Durée Parcours conseillé Intérêt principal
Une demi-journée Struthof uniquement Se concentrer sur le site majeur sans dispersion
Une journée Schirmeck puis Struthof Comprendre le contexte avant de visiter le camp
Deux jours Strasbourg, Schirmeck, Struthof, vallée de la Bruche Relier mémoire urbaine, histoire régionale et paysage vosgien

Si vous venez de loin, dormir dans la vallée de la Bruche, à Obernai, à Molsheim ou à Strasbourg peut avoir du sens selon votre programme. Strasbourg offre plus de choix culturels et de transports ; la vallée permet une immersion plus calme près des sites. Le bon choix dépend surtout du rythme recherché.

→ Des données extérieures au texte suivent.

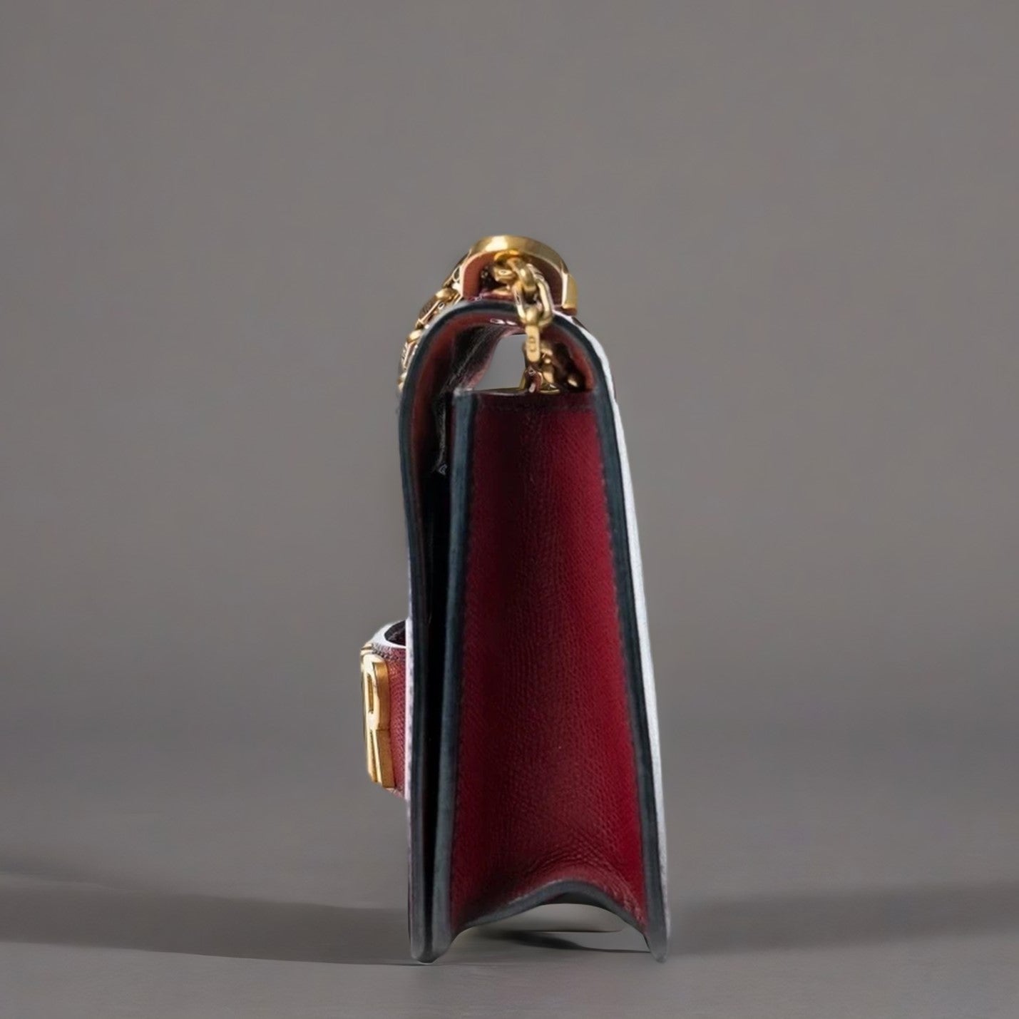 J'Adior Chain Flap Bag Dark Red Grained Leather

Enfin, gardez en tête que ces visites ne remplacent pas un travail historique approfondi, mais elles le rendent concret. Le Struthof, Schirmeck, Strasbourg et les Vosges composent un ensemble rare en France : un territoire où l’on peut lire, en peu de kilomètres, la violence de la guerre, les ambiguïtés de l’annexion et la nécessité de transmettre sans simplifier.